Professor Dee and Dilly hop into the Orange Blossom Special to create a diversion, but his truck is snatched into the air by a magnetic crane and dropped into a compactor, the walls of which start to close in. Red and Redder want to help, but Barbarian veers straight at them.

Chapter 8

Bigfoot explodes through a wall and slams Barbarian into a mountain of cars. Red and Redder use Yank's tow-line trick to take out the control tower of the junk yard and the compactor goes dead just as it barely dents the Orange Blossom Special. Professor Dee and Dilly breath a sigh of relief.

Barbarian rips out of the mound and literally starts butting heads with Bigfoot. They take turns running head-on into one another, the massive Barbarian obviously having a significant advantage as it finally sends Bigfoot tumbling. Yank tries a new tactic, using another mound of cars as a ramp to launch Bigfoot into Barbarian from above. The massive truck obviously wasn't designed for such an impact as it crumbles into pieces and the limo driver narrowly escapes before the remains explode.

While everyone celebrates, the limo driver snatches Sandra and the map, tossing both in the back of his limo before racing off. Close McCall is the first to pursue, but the limo clouds smoke and slicks the road, sending War Lord into a ditch.

In the limo, Sandra is bound and refusing to cooperate with Adrian Ravenscroft. She claims she fully translated the map for the heroes, but the limo's polygraph (yes, it has a polygraph) reveals she's lying. When it's discovered the heroes have all mobilized and are on the chase, Ravenscroft presses a button that turns the entire back seat into a sophisticated control room.
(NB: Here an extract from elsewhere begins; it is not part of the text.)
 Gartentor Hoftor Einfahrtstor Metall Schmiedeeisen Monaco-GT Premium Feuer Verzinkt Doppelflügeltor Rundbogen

Shells suddenly pound the road, our heroes swerving to avoid them while aghast at the sight of four massive tanks suddenly between them and the limo. Our heroes grit their teeth and charge ahead, eventually pulping their way over the tanks. War Lord and Black Gold are the first to catch up to the limo, but it spins around and inflates its back tires, turning into a ramp that sends them sailing onto their roofs. The front tires inflate, and now the limo is itself a monster truck. Two tubes lift out of the trunk and launch a pair of remote guided missiles straight at Yank.

Chapter 9

Bigfoot swerves left and right, trying to lose the missiles, but they stay on his tail. Sandra manages to free her legs, kicking the remote from Ravenscroft's hand and sending the missiles toward the monster limo. They hit nearby, the explosion creating enough of a jostle for her to free the rest of herself and jump to safety.

While the monster limo drives off, Sandra reunites with the heroes and warns them that the area around the Fountain is filled with booby traps... and Ravenscroft is the one with a map saying where they are. As our heroes pursue the limo into a secluded patch of the everglades, the monster limo starts setting off traps that take out one hero truck after another: War Lord is squashed by a giant statue, Black Gold by stone pillars, and the Orange Blossom Special takes a large spear through its engine block.
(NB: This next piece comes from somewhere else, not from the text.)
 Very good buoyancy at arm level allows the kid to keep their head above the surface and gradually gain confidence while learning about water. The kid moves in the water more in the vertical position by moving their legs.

Ravenscroft reaches the Fountain and drinks of the water, his aged, bloated body becoming young and fit. He ditches his driver and takes the controls of the monster limo himself, getting into a tussle with Bigfoot. Instead of fighting, Yank instead steers Bigfoot towards the Fountain, pulping the ancient structure beneath his tires and spilling the water across the swampland. Ravenscroft seeks vengeance, but the now muddied ground skids him into a brick wall, then a booby trap launches a cannon ball into his engine, taking the monster limo out once and for all.

Ravenscroft escapes into the everglades, but he rapidly deteriorates into his true elderly self. The gators of the swamp take notice.
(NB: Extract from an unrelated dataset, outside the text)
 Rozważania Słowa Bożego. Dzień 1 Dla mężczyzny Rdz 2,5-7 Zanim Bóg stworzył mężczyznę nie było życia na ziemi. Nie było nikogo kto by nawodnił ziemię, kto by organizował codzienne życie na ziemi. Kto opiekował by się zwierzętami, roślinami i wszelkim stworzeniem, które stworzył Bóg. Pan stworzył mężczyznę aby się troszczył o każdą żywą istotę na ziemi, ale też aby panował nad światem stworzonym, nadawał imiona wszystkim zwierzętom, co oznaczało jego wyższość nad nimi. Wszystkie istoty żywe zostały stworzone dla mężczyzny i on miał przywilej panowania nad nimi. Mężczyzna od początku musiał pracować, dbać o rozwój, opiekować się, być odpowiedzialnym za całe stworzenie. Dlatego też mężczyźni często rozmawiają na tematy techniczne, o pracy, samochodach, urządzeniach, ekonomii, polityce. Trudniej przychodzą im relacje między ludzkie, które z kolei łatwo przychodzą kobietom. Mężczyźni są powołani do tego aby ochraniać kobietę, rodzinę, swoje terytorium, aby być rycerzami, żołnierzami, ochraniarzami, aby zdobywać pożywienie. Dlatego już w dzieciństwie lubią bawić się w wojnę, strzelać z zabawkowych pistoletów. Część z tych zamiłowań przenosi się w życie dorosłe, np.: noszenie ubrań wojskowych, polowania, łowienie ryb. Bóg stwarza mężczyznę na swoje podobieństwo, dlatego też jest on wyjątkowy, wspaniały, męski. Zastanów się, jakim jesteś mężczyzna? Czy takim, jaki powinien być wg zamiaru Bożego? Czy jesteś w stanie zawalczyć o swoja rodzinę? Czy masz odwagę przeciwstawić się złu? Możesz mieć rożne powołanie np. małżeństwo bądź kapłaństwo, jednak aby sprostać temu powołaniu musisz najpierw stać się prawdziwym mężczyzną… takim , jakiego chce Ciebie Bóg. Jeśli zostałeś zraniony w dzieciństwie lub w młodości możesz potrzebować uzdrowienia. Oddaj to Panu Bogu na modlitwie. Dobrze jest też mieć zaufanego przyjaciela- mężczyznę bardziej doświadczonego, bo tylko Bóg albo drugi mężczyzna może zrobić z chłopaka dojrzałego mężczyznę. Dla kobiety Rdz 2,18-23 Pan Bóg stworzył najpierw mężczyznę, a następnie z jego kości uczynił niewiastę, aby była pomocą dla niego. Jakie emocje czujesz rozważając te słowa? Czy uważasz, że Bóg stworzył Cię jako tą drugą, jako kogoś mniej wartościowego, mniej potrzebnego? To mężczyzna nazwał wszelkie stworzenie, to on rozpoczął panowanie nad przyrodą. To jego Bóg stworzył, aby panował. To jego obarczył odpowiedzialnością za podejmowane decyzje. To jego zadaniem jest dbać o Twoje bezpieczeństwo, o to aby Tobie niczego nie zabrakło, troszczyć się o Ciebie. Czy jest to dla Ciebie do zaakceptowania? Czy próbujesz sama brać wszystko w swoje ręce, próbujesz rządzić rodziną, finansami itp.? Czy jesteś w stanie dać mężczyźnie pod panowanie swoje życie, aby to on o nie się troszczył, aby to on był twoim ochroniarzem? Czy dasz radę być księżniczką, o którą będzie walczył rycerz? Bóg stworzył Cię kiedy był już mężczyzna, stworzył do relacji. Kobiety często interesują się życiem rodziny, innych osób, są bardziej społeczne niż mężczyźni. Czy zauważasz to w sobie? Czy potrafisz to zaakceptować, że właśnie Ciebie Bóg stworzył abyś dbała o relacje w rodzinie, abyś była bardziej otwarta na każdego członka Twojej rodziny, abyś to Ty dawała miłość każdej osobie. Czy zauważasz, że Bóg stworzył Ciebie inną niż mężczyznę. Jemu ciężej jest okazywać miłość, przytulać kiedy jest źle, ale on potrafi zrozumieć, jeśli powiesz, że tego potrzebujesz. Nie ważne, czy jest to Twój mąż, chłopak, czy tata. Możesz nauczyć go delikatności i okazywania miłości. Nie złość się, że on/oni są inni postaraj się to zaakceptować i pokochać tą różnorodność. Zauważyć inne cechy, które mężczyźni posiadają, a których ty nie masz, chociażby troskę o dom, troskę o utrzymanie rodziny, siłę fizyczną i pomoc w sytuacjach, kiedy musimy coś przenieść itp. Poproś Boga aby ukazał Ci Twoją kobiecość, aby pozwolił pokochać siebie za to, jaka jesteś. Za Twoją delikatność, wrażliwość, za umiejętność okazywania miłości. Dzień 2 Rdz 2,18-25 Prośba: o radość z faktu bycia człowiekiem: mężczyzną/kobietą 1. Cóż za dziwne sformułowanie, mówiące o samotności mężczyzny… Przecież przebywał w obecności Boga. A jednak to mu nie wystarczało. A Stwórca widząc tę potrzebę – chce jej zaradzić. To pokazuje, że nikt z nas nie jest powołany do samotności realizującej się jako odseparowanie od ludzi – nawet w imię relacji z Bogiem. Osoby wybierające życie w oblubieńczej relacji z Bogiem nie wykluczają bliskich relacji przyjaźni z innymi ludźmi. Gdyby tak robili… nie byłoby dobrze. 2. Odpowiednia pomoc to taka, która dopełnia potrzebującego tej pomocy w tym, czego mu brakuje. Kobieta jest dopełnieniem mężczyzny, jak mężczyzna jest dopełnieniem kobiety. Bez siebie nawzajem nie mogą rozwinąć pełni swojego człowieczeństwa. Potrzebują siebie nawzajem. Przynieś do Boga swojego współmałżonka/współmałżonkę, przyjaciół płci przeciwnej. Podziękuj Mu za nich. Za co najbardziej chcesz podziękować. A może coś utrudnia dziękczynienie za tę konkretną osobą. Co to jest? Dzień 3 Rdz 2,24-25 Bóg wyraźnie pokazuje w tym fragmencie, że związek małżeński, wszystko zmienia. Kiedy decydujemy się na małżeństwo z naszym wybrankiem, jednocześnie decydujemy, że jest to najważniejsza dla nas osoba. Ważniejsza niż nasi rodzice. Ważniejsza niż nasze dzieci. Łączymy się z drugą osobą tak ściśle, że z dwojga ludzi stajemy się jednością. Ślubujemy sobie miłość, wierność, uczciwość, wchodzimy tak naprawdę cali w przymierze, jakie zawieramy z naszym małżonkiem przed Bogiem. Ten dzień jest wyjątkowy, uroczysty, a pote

Sandra mourns the loss of the Fountain of Youth while the others mope that they're out of work now that their trucks are smashed and they have no money for repairs. Close McCall throws a fit about having ended up with this gang, but then he steps on a crack and falls into a chamber filled with gold and jewels. While everyone else celebrates, Yank struts towards Bigfoot. He doesn't have much interest in being rich, so he and Sandra instead drive off into the sunset.


Tony


For the first two parts of Bigfoot and the Muscle Machines, my brain has been like a peacefully slumbering Peter Dinklage zipped up tight in a large duffel bag. But as Yank and his team head down the back stretch, the Dink has awakened. Disoriented, desperate, and scared, it’s only a matter of time before he fights his way out of that bag. And when he does, you’d better believe that there’ll be hell to pay. Punch it, Yank!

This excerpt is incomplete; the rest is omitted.